First, an actual victor is declared, something very rare in life. Second, you know roughly when it’s going to end. Because of this football, for all its violence and terror, will never be as deeply terrifying as life itself. (Even when Terry Dean throws four interceptions in a single game.) Without the clock, without triple zeros set between the bounds of a field precisely 160 feet by 360 feet awaitig you, meaning is debased, and we’re not left staring at the death sentence spelled out in incandescent bulbs on the Florida Field scoreboard 15 years ago wondering what the hell just hit us.
All of life is in these moments, captured and replayed for us every weekend, every fall.
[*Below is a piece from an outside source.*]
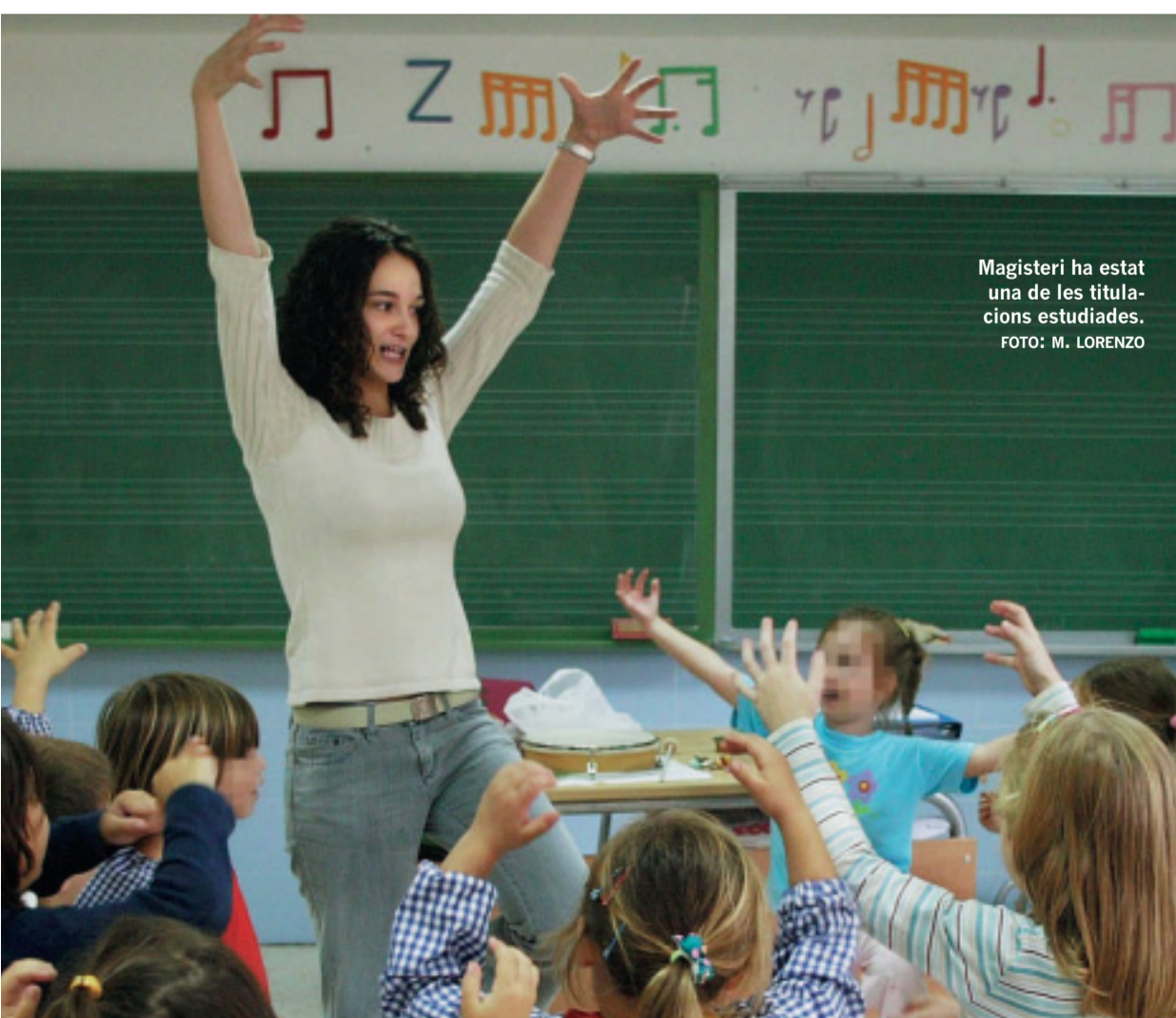
Magisteri ha estat una de les titulacions estudiades.

El 64,2% de les enquestades eren dones davant el 35,8% d'homes. En el moment de l'enquesta, el 77,8% dels entrevistats era econòmicament independent.

4. EDSBS to CBS? In the wake of the block-buster (for the sports blogosphere at least) deal between NBC and Pro Football Talk, might CBS Sports be interested in the blog run by a good Mr. Swindle just mentioned?
5. Maybe, Definitely; Brett Favre is coming back. So says Shutdown Corner after watching John Madden's adopted son on Joe Buck's new show. (Which had a rather interesting opening episode, featuring Artie Lange.) I don't have Favre rated all that highly, but I suppose from the Vikes' perspective the question is merely, "Is he better than Sage Rosenfels and Tarvaris Jackson?"
6. Lane Kiffin death-watch. The verdict from around the web is increasingly in, and it is that Lane Kiffin must be insane and there is no way the Volunteers can succeed, and that he cannot be credited with knowing what he is doing. For some of the best weigh-ins on this, see Dawg Sports, mgoblog, and Senator "I just don't get it" Blutarsky. I am not sure if I completely agree, but I will say that, after watching the man commit NCAA infractions on national television in front of a live film crew, I find it difficult to imagine what he does think he is doing, exactly. And, surprisingly enough, he is beginning to make Al Davis look smart for firing him.
... But ... but . . . his coaching staff is so credentialed. How can Jim Chaney, Orgeron, and Monte Kiffin not know about this? Not have an opinion? Why would they accept this job if they didn't think this was going to work? Why can't they, apart from their supreme leader, make it work?
Maybe Lane will turn it around, maybe he'll be proved a genius. But his tenure at Tennessee might be a study in management, as much as anything else. If a sort of CEO-style figurehead head coach had Kiffin's staff -- like Joe Paterno, for example -- I think everyone would have to assume that it was all going to work. There might be benefit in Kiffin's just getting out of the way. But that's not his style, and it is ambiguous right now what exactly he's bringing to the table. Maybe the excitement and all that is enough, though. Time will tell. Very bizarre though. But so long as they have that staff, you can't count them out.
7. Tweetin'. Smart Football is on twitter now. Sign up and check it out.
2 comments:
Yeah, Lil' Kiffin sometimes seems like a turtle on a post, but one need only look at (A) his team of aforementioned coordinators, and (B) his recruiting resume from USC: three years, three number one classes.
Actually, Homyrrh, that is the exact point many people are trying to make, that a group of individually praised recruiters does not equal a championship team. How many times does the name Ron Zook need to be mentioned before it finally sinks in?